Give only the number of lines in the records below that contain the word "products".

**** Dataset entries ****

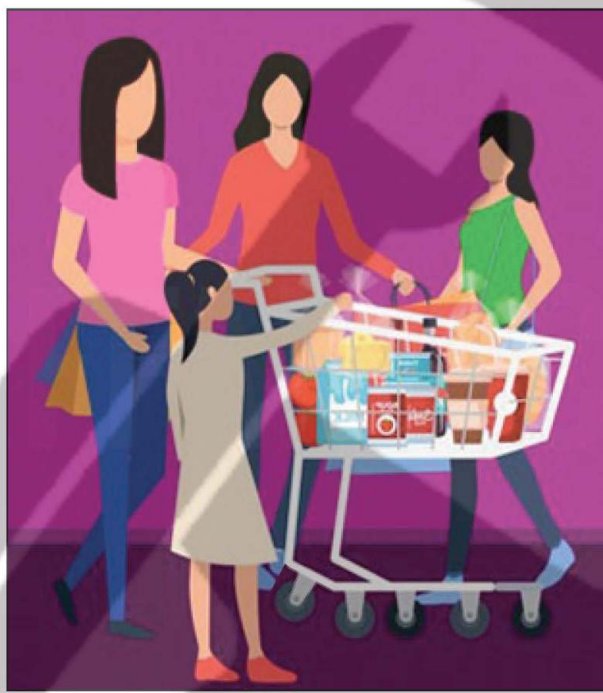
National Consumer Day 24th December

Many times, asymmetry in the market and ignorance of the consumers puts them in an exploitative position where manufacturers and sellers take unfair advantage of them. To protect consumers from these manipulative tactics of traders, Government of India brought a benevolent legislation on 24th December in 1986 known as Consumer Protection Act. Since then, 24th December is celebrated throughout the country as National Consumer Day. As consumers we face many glitches related to defective goods, deficiency in service, food adulteration, spurious goods, hoarding, use of deceptive and fractional weights, late deliveries, variations in the contents of the pack, poor after sales service, misleading advertisements, hidden price components, price discrimination, ATM and credit card frauds, financial frauds, real estate problems and problems related to public utilities, fake reviews, hacking of private information and digital frauds. As the sellers
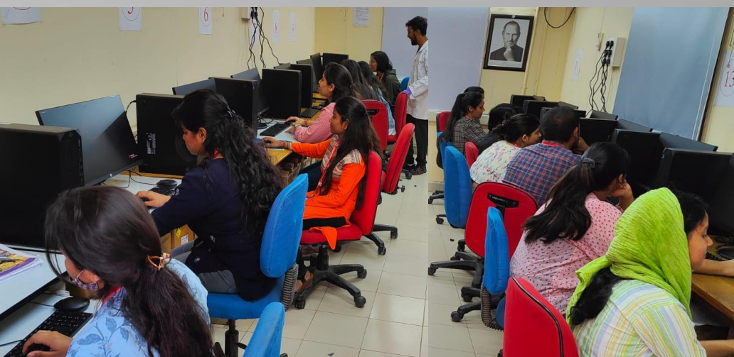
High End GPU enabled workstations with faster computing power

www.ipu.ac.in , http://www.ipu.ac.in/ceps/index.php , ipu.admissions.nic.in
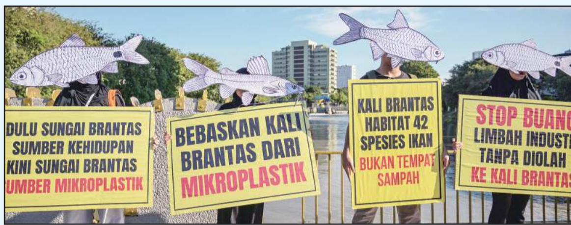
Activists from Ecoton (Ecological Observation and Wetlands Conservation) wearing fish masks take part in a protest calling for clean rivers free of rubbish and industrial waste, as well as protection for the river fish, as part of World Environment Day celebrations in Surabaya, Indonesia on Friday.
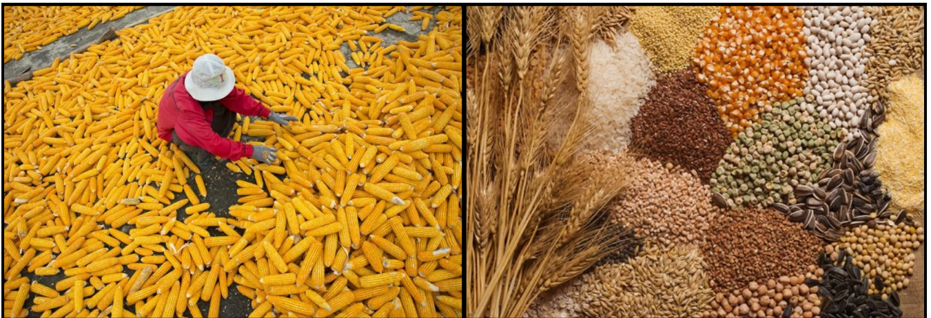
Agricultural products exporting from Myanmar

Myanmar has yearly exported agricultural products, particularly the variety of pulses to foreign countries. Besides the agri-

****

## Solution to this problem
2